When the pope calls for unity and conversion, he means all Christians submitting to the false doctrines of Roman Catholicism...oh yeah and to HIS authority.
If he truly means that Roman Catholics should prayerfully and humbly submit to the teachings of Jesus Christ and His Apostles, eliminating all prayer to (or “with” as they claim) statues, saints, “Mary” (the “Mary” they pray to bears no resemblance to the humble woman of the Bible), worship of wafers, calling priests “Father” and even more blasphemously calling the “pope”, “Holy Father” (a name Jesus, used praying to His Father), the teaching of salvation by works, and dozens of other false doctrines and practices, then I apologize.
Repent and convert to Christianity.
It sounds like you’ve made quite a few assertions. Time for you to back them with facts. Cold, hard, historical, objective facts. Ones that others can read for themselves, as opposed to the “global warming”-type of hoohah. IF you can. Otherwise, the phrase “whistling Dixie” comes to mind. Especially silly in a thread about Christian unity.

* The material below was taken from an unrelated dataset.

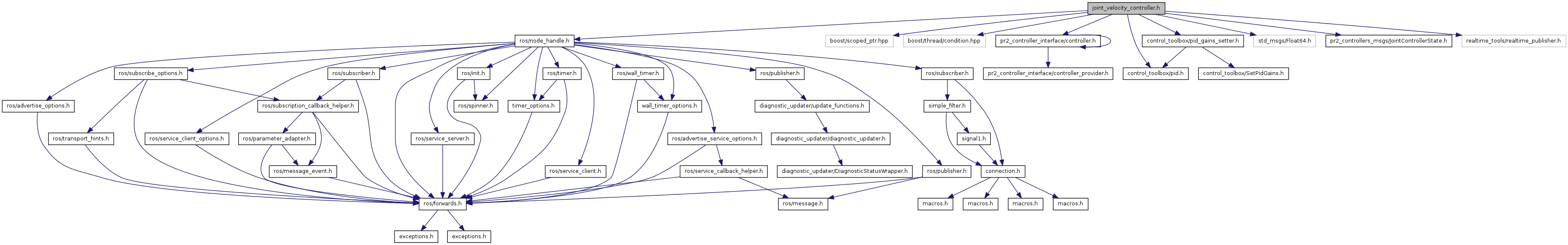 #include <ros/node_handle.h>#include <boost/scoped_ptr.hpp>#include <boost/thread/condition.hpp>#include "pr2_controller_interface/controller.h"#include "control_toolbox/pid.h"#include "control_toolbox/pid_gains_setter.h"#include <std_msgs/Float64.h>#include <pr2_controllers_msgs/JointControllerState.h>#include <realtime_tools/realtime_publisher.h>

"And this food is called among us the Eucharist, of which no one is allowed to partake but the man who believes that the things which we teach are true, and who has been washed with the washing that is for the remission of sins, and unto regeneration, and who is so living as Christ has enjoined. For not as common bread and common drink do we receive these; but in like manner as Jesus Christ our Saviour, having been made flesh by the Word of God, had both flesh and blood for our salvation, so likewise have we been taught that the food which is blessed by the prayer of His word, and from which our blood and flesh by transmutation are nourished, is the flesh and blood of that Jesus who was made flesh. For the apostles, in the memoirs composed by them, which are called Gospels, have thus delivered unto us what was enjoined upon them; that Jesus took bread, and when He had given thanks, said, This do in remembrance of Me, this is My body; and that, after the same manner, having taken the cup and given thanks, He said, This is My blood; and gave it to them alone."
--c. 140, St. Justin Martyr, beheaded c.165, addressed to the Roman Emperor.